* [Exercise objective]: An exact reprint of the listing is required, with no pictures included.

* [Dataset content]:

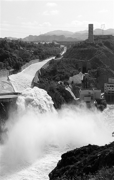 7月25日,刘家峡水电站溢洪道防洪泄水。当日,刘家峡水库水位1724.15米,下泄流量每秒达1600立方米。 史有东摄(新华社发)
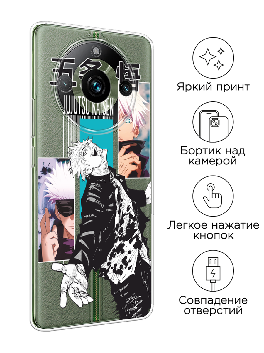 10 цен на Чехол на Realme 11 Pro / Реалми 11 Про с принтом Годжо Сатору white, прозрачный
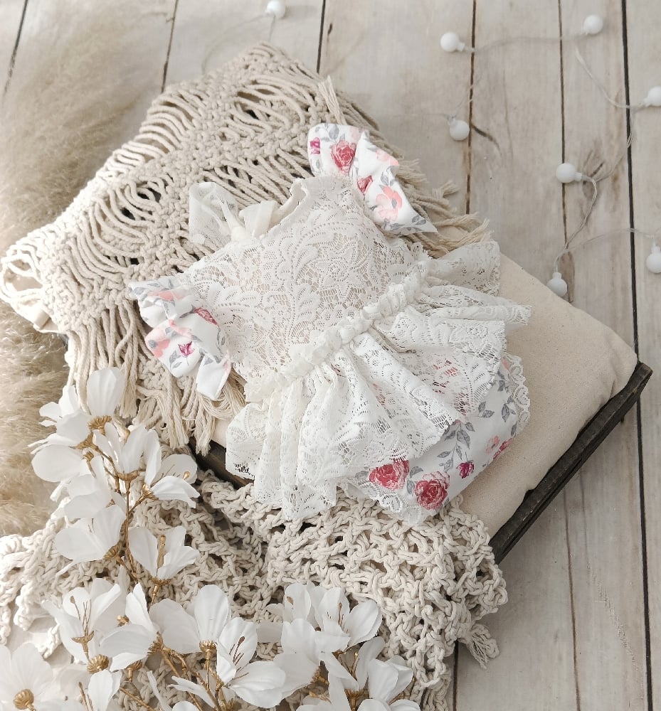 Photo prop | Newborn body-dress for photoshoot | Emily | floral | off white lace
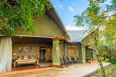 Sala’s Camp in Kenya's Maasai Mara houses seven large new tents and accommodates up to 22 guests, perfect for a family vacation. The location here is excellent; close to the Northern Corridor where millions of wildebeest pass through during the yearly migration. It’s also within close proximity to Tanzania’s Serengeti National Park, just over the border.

* [Response area]:
 7月25日,刘家峡水电站溢洪道防洪泄水。当日,刘家峡水库水位1724.15米,下泄流量每秒达1600立方米。 史有东摄(新华社发)
 10 цен на Чехол на Realme 11 Pro / Реалми 11 Про с принтом Годжо Сатору white, прозрачный
 Photo prop | Newborn body-dress for photoshoot | Emily | floral | off white lace
 Sala’s Camp in Kenya's Maasai Mara houses seven large new tents and accommodates up to 22 guests, perfect for a family vacation. The location here is excellent; close to the Northern Corridor where millions of wildebeest pass through during the yearly migration. It’s also within close proximity to Tanzania’s Serengeti National Park, just over the border.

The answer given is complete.